法定相続情報証明制度 使ってみました!

| 法定相続情報制度ってなに?

 

みなさん、相続の手続の経験はありますか?死亡届の提出、葬儀社の手配、遺言書の確認、遺産分割協議、遺産の名義変更、銀行口座の解約など手続きがたくさんあります。お金もたくさん必要です。亡くなった方の銀行口座を解約しようと思っても、口座が凍結されていて解約できずに「支払いはどうしたらいいの?」と困ってしまうことがよくあります。そのようなときに役に立つのが法定相続情報証明制度です。平成29年5月29日から始まりました!

法定相続情報証明制度では、一定の書類を登記所に提出して認証文付きの書類を受け取ると、銀行口座の解約に使えるのです。しかもこの書類、発行手数料がタダなんです!

 

 

| 実際の手続はこんな感じです

 

私事ですが、今年に祖父が死んで身内の相続を経験しました。せっかくなので法定相続情報証明制度を使ってみようと思い、書類を作成して手続に行ってきました。

1 戸籍謄本の取得

亡祖父の戸籍謄本を集めました。本籍地が近かったので直接市役所に出向きました。ここでいきなり問題にぶつかります。本籍地で出生から死亡までの戸籍謄本を取得したのですが、法務局から戸籍が足りないと言われてしまいました。

後から分かったことですが、出生から数日後、出生届を出す前に本籍地を移転しておりもう一つ古い謄本が必要だったのです。最初に取得した謄本には出生の事実が書かれていましたので安心してしまったのが失敗の原因です。法務局では出生年月日と住所の移転時期を照らし合わせたのでしょう。そこまで気づかずに恥ずかしい限りです。良い勉強になりました。

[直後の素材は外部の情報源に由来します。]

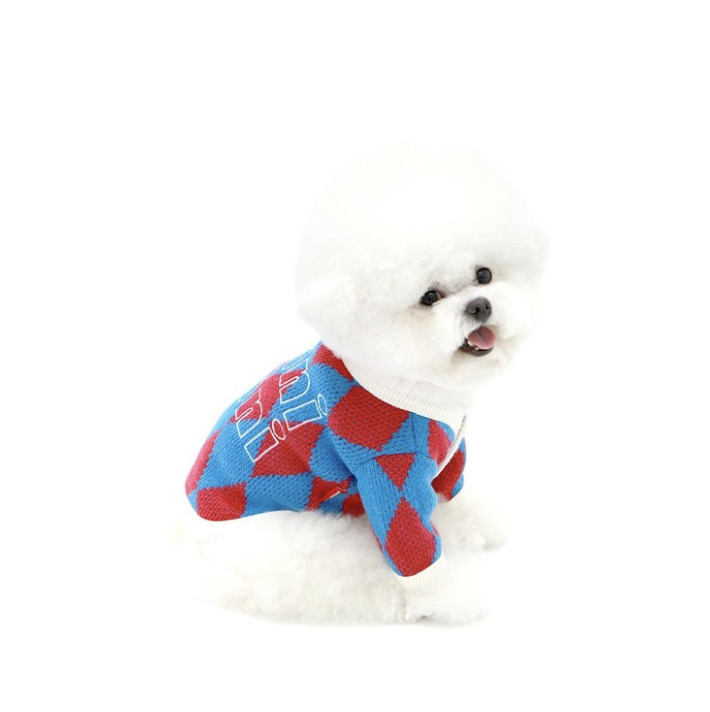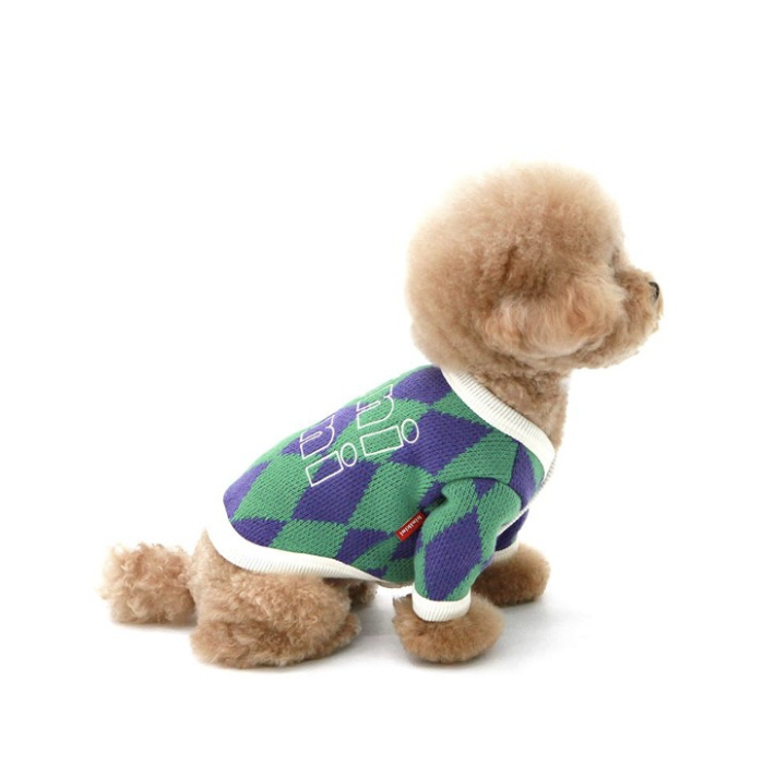 바로가기 강아지 의류 전문 브랜드 “키니키니”의 다이아몬드 패턴 가디건은 귀여움과 보온성이 강점입니다.
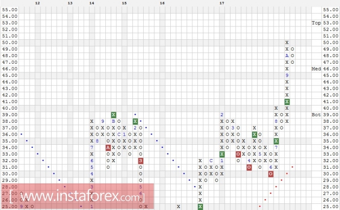 Учитывая довольно длинную колонку "Х", можно ожидать продолжение коррекции в район поддержки 45.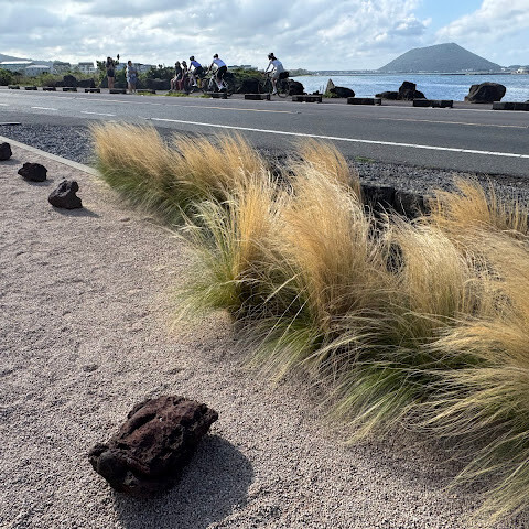 잠시 동안 아무 생각 없이, 그저 동해와 우도를 바라보며 앉아 있었다. 바람에 살랑이는 갈대, 가끔 지나가는 차, 맞은편에서 사진을 찍는 관광객들을 보며 마치 고정된 장소에서 촬영된 다큐멘터리처럼, 내 여행이 그 순간 멈춰버린 듯한 기분이었다.

次に、相続人の戸籍謄本を取得しました。こちらは本人に聴取して万全を期しましたので問題ありませんでした。

2 亡祖父の住民票の除票の取得

住所地は遠距離でしたので郵送で取寄せました。こちらも問題なく取得できました。

3 相続人の住民票の取得

法定相続情報一覧図に相続人の住所を記載しようと思いましたので、相続人の住民票を取得しました。

4 書類の作成

書類は2枚作ります。(1)法定相続情報一覧図、(2)申出書です。

(1)法定相続情報一覧図の作成

注意すべきところは1点だけです。“出生”や“死亡”の欄には年月日を書いてください。住所ではありませんのでご注意ください。

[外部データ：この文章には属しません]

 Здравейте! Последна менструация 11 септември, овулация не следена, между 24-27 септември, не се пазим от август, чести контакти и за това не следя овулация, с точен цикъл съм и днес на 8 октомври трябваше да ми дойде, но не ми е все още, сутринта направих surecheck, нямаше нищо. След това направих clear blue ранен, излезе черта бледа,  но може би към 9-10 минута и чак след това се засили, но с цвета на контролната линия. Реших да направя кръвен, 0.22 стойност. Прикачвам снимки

ここに書いたものはそのまま法定相続情報一覧図として使われますので、パソコンで作成すると出来上がった書類もきれいです。パソコンが使える方はパソコンでの作成がおすすめです。

(2)申出書の作成

間違えやすいところはないのですが、迷いそうなところを4点書いておきます。

1つめは“申出人の表示”の印鑑です。これは認印でかまいません。シャチハタなどのゴム印(浸透印)は避けた方が無難です。

2つめは“利用目的”です。何に使うのかがはっきりとしないときは、確実に使うものと使うかもしれないものの全てにチェックを入れておくのがおすすめです。たとえば、“不動産登記”に使うのは決まっているけれど、“預貯金の払戻し”に使うかどうか分からないし、“相続税の申告”に使うかも分からないという場合には、3つともにチェックを入れておきましょう。私の場合は“預貯金の払戻し”だけの予定でしたので、1つだけにチェックを入れました。

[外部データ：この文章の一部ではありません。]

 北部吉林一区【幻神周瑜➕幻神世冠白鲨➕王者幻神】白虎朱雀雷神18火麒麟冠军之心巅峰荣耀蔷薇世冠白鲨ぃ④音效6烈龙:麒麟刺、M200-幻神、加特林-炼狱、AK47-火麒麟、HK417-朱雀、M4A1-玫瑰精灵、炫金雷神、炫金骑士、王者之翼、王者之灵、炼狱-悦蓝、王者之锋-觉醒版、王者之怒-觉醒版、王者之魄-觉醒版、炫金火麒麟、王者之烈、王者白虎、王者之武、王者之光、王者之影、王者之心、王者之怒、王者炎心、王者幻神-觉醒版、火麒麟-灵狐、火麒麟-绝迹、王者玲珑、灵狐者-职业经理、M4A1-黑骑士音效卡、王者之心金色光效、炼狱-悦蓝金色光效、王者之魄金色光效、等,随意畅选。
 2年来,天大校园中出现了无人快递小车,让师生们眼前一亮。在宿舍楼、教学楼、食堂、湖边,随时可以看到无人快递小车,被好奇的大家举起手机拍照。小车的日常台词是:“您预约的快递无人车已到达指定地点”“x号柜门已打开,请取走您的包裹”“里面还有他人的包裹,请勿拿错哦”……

3つめは“必要な写しの通数・交付方法”です。実際に何枚使うか分からないという方がほとんどだと思います。ここは多めに取得しておきましょう。何といってもタダですから!足りないよりも余る方がいいです。「3~4枚くらいかな~?」という方は倍の8枚以上貰っておきましょう。法定相続情報一覧図は意外なところで使い道がありますよ。私も余分に貰っておいて助かりました。

4つめは“申出先登記所の種別”です。書類を提出する法務局を選ぶのですが、最も便利なところでOKです。私は、住所から登記所を調べると車で行ける範囲でしたので“申出人の住所地”にチェックを入れました。

5 出来上がった書類の受け取り

私は窓口で受け取ることにしましたので、窓口まで行ってきました。即日発行というわけにはいきませんでした。作成に要する日数は登記所によっても違うのでしょうが、枚方の法務局では3~4日かかると言われました。

出来上がったら連絡がほしい旨を伝えておきますと、出来上がったら電話を貰うことができます。実際には書類が整って提出した翌日に連絡がありました。

私の場合は書類不備の連絡がありましたので、最初に提出した翌々日になってしまいました。

 

 

| 銀行口座の解約以外にも!

 

亡祖父の銀行口座が4つあり、予定通り解約に法定相続情報一覧表を使いました。解約するときには金融機関に電話をして手続きの流れと必要な書類を問い合わせました。

地方の小さな信用金庫に「謄本の代わりに“法定相続情報一覧図”が使えますか?」と尋ねると「法定相続…何ですか?」との答えが…!「法務局に謄本を提出して証明してもらう一覧図です。去年から始まった制度です。」と伝えますと、しばらく待ってから了承の返事をいただきました。まだまだ口座解約に使われる方は少ないようです。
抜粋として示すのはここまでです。